What does the scikit-learn library do in this code?-CodePudding

I am interested in the field of machine learning, I tried to understand the following code but I could not. Can anyone explain to me simply?

from sklearn.linear_model import LinearRegression
import matplotlib.pyplot as plt
from sklearn.model_selection import train_test_split  # This module divides our data into two parts, train and test
import sklearn.metrics as met
from sklearn.datasets import load_boston


boston = load_boston()
x = boston.data
y = boston.target

xtrain, xtest, ytrain, ytest = train_test_split(x, y, test_size=0.2, random_state=42)

model = LinearRegression()
model.fit(xtrain, ytrain)

ypredict = model.predict(xtest)

plt.scatter(ytest, ypredict)
plt.show()
print(met.mean_squared_error(ytest, ypredict))

CodePudding user response：

Here are the steps:

Load the data and assign variables:

load_boston()
x = boston.data
y = boston.target

Divide data into data to be used for training and for validation (test).
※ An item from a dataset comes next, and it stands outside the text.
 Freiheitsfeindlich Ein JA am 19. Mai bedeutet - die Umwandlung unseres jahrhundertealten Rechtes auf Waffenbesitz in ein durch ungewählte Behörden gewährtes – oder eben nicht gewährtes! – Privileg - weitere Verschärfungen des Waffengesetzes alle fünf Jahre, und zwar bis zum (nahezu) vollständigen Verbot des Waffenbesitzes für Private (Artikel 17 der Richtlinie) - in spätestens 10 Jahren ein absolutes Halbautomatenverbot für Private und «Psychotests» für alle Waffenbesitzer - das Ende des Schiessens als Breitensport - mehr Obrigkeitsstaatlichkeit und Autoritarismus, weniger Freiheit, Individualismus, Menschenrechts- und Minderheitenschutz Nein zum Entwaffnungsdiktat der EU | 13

Usually is a 80/20 ratio. random_state is set to 42 thanks to the The Hitchhiker's Guide to the Galaxy (I do not want to spoil you anything...)

xtrain, xtest, ytrain, ytest = train_test_split(x, y, test_size=0.2, random_state=42)
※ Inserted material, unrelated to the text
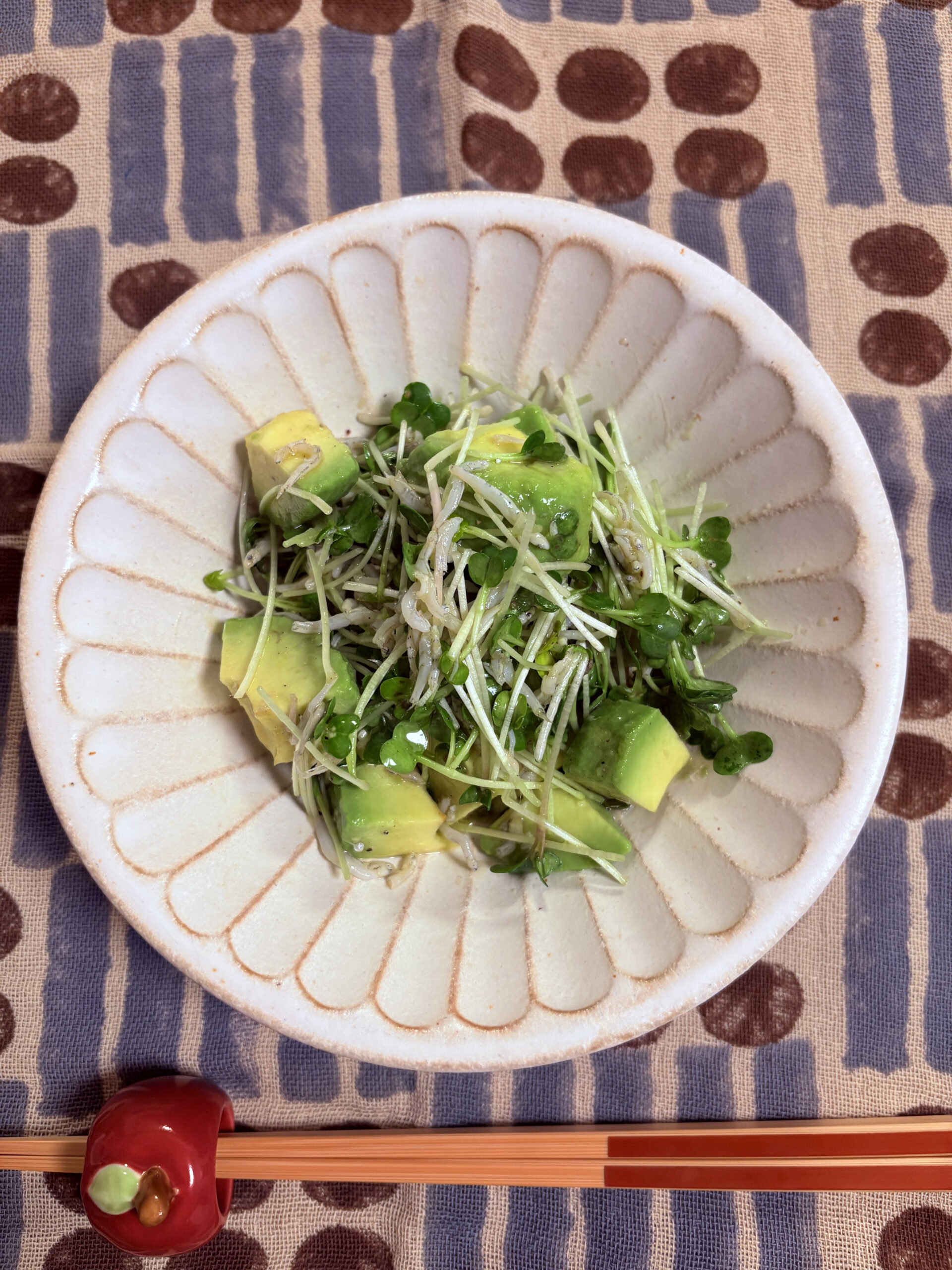 | 4 | 2のドレッシングでアボカド、貝割れ、分量のシラスを和えたら完成です。 |

Do a univariate linear regression. i.e. create the model.

model = LinearRegression()
model.fit(xtrain, ytrain)

Use validation (test) data to check the model created in the previous step.
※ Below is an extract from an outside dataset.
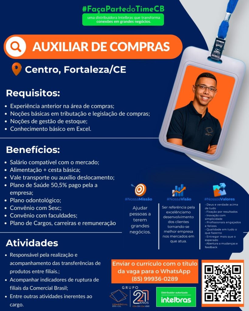Vendedor(a), Vendedor(a) Televendas, Promotor Técnico, Estoquista, Gerente, Aprendiz

ypredict = model.predict(xtest)

Draw a scatter plot of validation results vs prediction results

plt.scatter(ytest, ypredict)
plt.show()

Print accuracy of the model as a mean squared error.

print(met.mean_squared_error(ytest, ypredict))

CodePudding user response：

Follow the comments to understand the code

# importing various modules 
# Imports Linear Regression model to fit the features in a linear combination to derive the target value.
from sklearn.linear_model import LinearRegression

#To plot/visualize the data importing matplotlib
import matplotlib.pyplot as plt

# This module divides our data into two parts, train and test
from sklearn.model_selection import train_test_split  

# metrics is used to analyze the model performance (such as mean squared error)
import sklearn.metrics as met

# sklearn.datasets has various datasets for quick use
from sklearn.datasets import load_boston

#loading the boston housing dataset form standard sklean.datasets module
boston = load_boston()
#seperating the features (X) and target variable (y) boston dataset 
x = boston.data
y = boston.target

# Dividing the dataset into training and test to train the model and evaluate the model.
xtrain, xtest, ytrain, ytest = train_test_split(x, y, test_size=0.2, random_state=42)

# creating an linear regression object
model = LinearRegression()
#training the model
model.fit(xtrain, ytrain)
#once the model is trained predicting the target values for test data which is not used in training (i.e. unseen data for model)
ypredict = model.predict(xtest)

#Ploting the actual value and target value in a scatter plot to visualize how far/close is the prediction from the actual values.
plt.scatter(ytest, ypredict)
plt.show()
#calculate the mean squared error, it indicates how far (avg) is the prediction from actual
print(met.mean_squared_error(ytest, ypredict))